PDGF-B has been demonstrated to increase the interstitial fluid pressure (IFP), which is assumed to compress the intratumoral vessels [38], thus affecting the vascular functionality. In 4T1 tumors of the control group, those major arteries with multiple layers and VSMCs coverage were found to be severely compressed (Fig. 6f), with only very few arteries were patent with open lumen. Compared to the control group, the percentage of patent vessels was significantly elevated in 4T1 tumors of the metformin group (Fig. 6f). PDGF-B signaling has been reported to regulate the interstitial fluid pressure accompanied with the hyper-activated Hippo signaling. As was expected, the expression level of YAP was decreased by metformin in 4 T1 tumors (Additional file 1: Figure S1C). These evidences suggested that the down-regulation of PDGF-B by metformin might be contributed to reduce the compression of cancer cells to vessels.

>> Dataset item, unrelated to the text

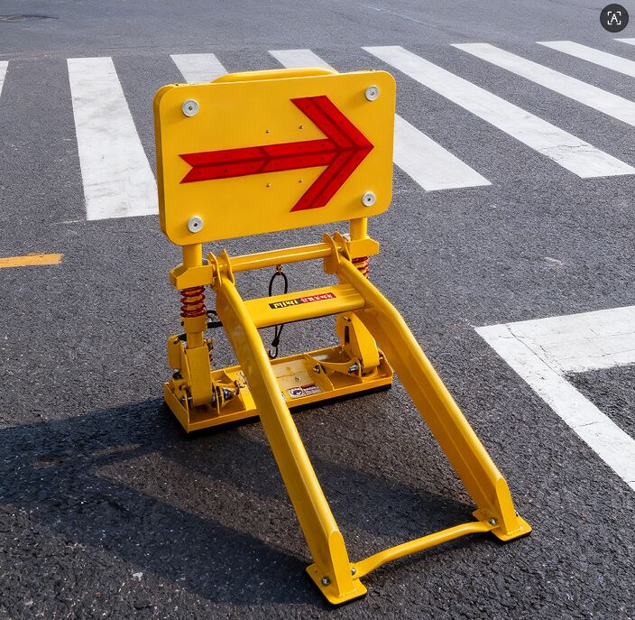 R : Une barrière anti-collision jaune pliable et à roues pour les zones de travail, conçue pour arrêter les véhicules qui entrent accidentellement.

High PDGF-B expression was associated with poor prognosis and high CD31 expression

To determine if PDGF-B expression is associated with prognosis in female patients with breast cancers, the published TCGA dataset containing both gene expression and survival data was employed. 1064 patients were divided into high (≥10.14 FPKM) and low (< 10.14 FPKM) PDGF-B expression groups. High PDGF-B mRNA expression levels were associated with a significantly decreased 5-year survival rate (Fig. 6g). Further analysis for the relationship between mRNA levels of PDGF-B, PCNA, Ki-67 and CD31 was performed to investigate what contributed to the poor prognosis. Both PCNA and Ki-67 mRNA levels were not correlated with PDGF-B mRNA levels (Fig. 6h). Interestingly, increased CD31 mRNA levels were associated with significantly increased PDGF-B mRNA levels (Fig. 6h). These evidences suggested the contribution of PDGF-B to poor prognosis was associated with the vascular mechanism, but not the direct proliferative promotion of breast cancer cells.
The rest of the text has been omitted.